:: Exercise materials ::

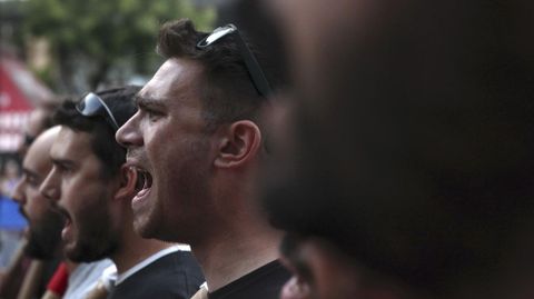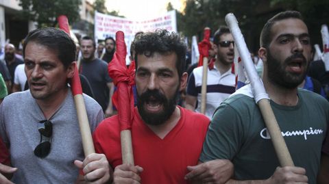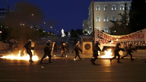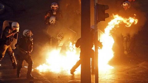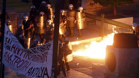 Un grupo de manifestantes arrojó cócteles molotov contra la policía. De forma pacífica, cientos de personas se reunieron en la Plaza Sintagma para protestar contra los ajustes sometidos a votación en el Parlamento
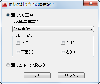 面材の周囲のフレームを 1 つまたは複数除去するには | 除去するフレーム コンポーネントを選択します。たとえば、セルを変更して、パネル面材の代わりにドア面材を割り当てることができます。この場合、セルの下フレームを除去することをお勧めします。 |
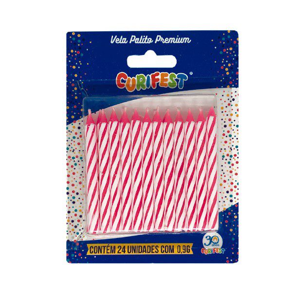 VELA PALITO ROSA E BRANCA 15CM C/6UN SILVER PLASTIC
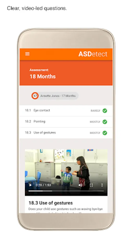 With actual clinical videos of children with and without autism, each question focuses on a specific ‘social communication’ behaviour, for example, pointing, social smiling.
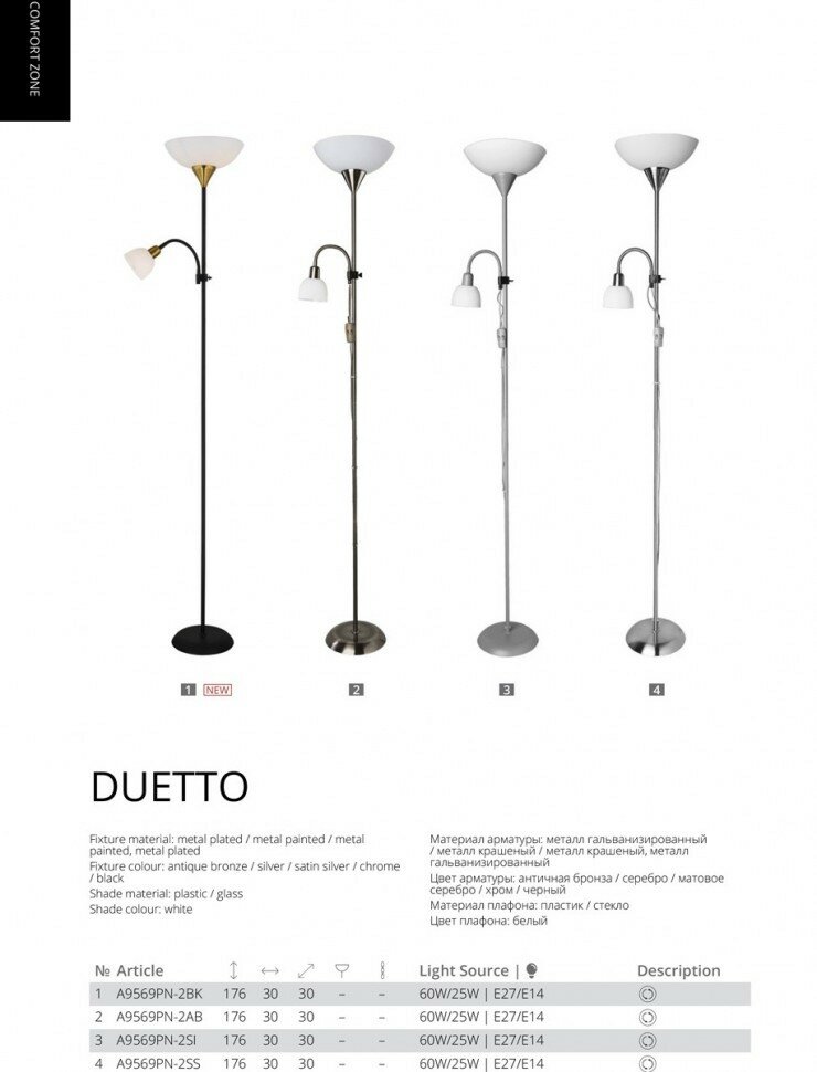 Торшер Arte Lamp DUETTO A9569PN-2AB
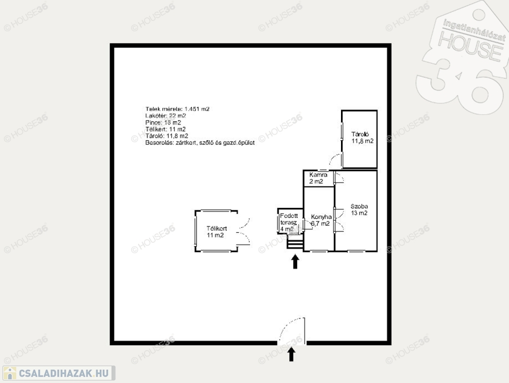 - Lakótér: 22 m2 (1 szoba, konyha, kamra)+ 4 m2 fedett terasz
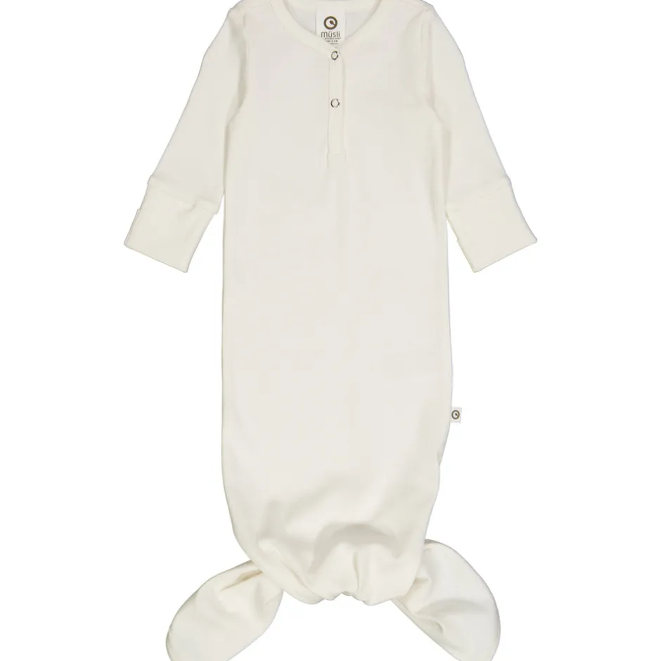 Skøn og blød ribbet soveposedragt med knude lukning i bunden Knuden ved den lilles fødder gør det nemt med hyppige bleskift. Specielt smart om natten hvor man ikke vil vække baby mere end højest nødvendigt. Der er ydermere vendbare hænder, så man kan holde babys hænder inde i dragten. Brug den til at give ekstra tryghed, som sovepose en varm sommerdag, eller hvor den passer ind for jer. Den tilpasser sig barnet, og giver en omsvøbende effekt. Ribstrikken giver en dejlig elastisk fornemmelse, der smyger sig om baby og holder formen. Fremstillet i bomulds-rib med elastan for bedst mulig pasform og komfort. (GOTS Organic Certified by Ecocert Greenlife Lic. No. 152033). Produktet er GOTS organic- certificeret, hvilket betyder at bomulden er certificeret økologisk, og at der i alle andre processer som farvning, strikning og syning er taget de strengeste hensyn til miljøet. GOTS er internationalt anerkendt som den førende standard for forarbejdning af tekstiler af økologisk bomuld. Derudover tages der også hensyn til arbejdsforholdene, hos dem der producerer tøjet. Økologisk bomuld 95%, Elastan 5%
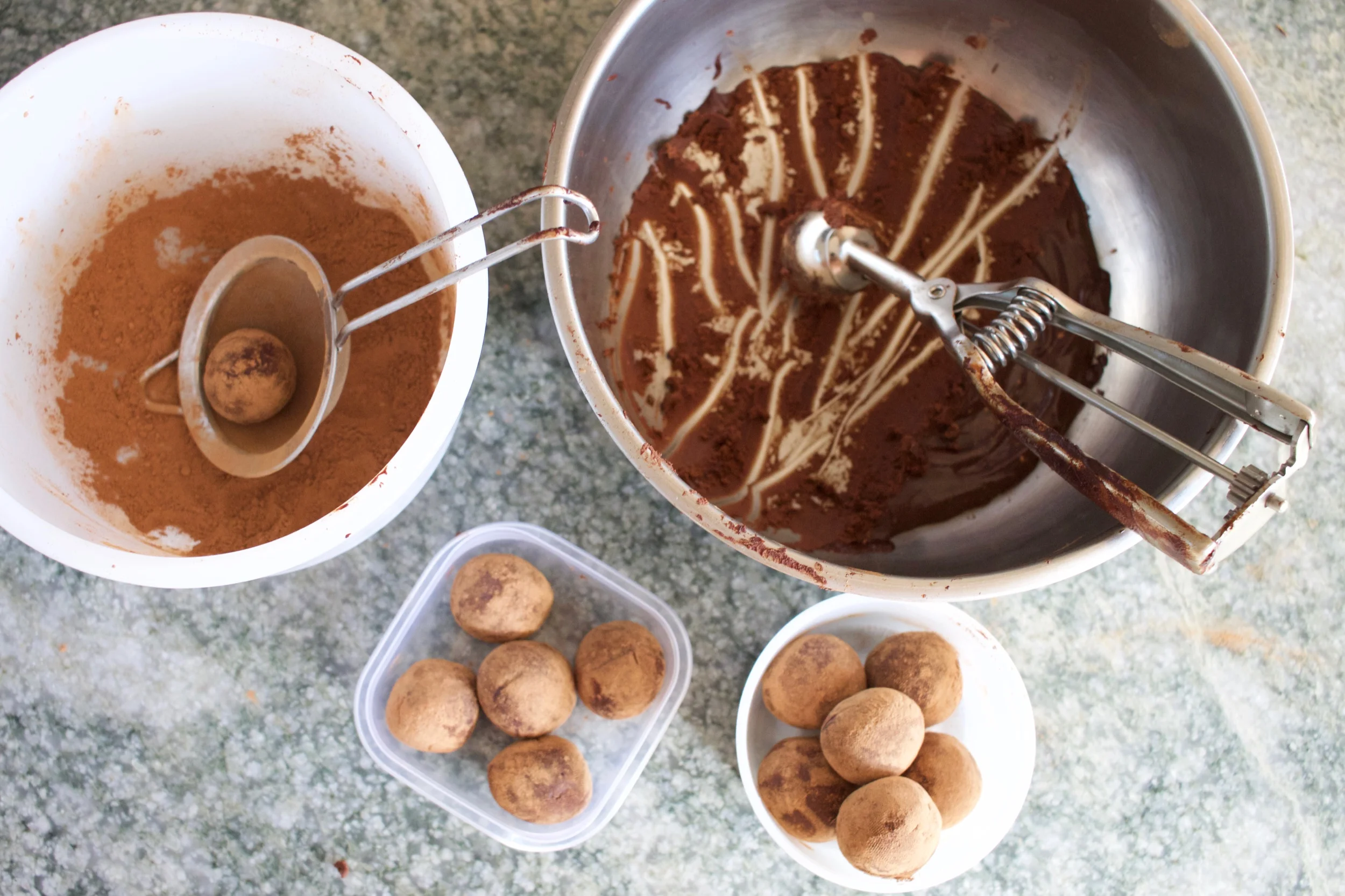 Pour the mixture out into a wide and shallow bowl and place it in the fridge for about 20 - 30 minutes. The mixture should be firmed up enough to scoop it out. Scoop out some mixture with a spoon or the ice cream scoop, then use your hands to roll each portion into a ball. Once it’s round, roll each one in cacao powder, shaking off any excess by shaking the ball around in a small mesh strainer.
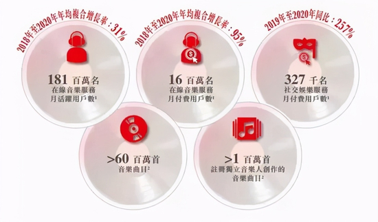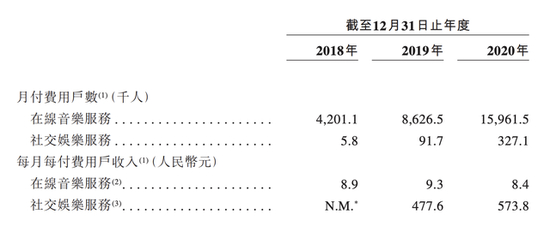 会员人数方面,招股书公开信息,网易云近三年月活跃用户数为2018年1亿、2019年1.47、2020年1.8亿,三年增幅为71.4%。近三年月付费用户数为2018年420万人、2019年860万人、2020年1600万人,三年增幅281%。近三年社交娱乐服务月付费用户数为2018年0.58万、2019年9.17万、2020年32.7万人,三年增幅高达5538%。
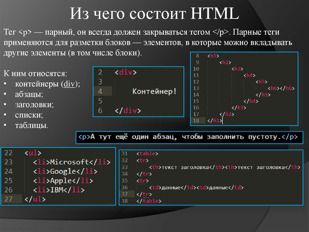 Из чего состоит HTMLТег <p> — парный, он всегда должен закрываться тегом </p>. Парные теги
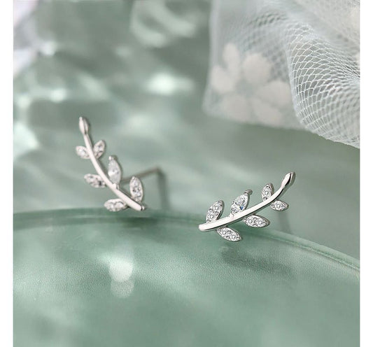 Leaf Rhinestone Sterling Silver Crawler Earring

:::

● What you have to do
Exactly the lines from the line containing "Из чего состоит" to the end of the records need to be copied, both ends included, with pictures left out.

● Task result
 Из чего состоит HTMLТег <p> — парный, он всегда должен закрываться тегом </p>. Парные теги
 Leaf Rhinestone Sterling Silver Crawler Earring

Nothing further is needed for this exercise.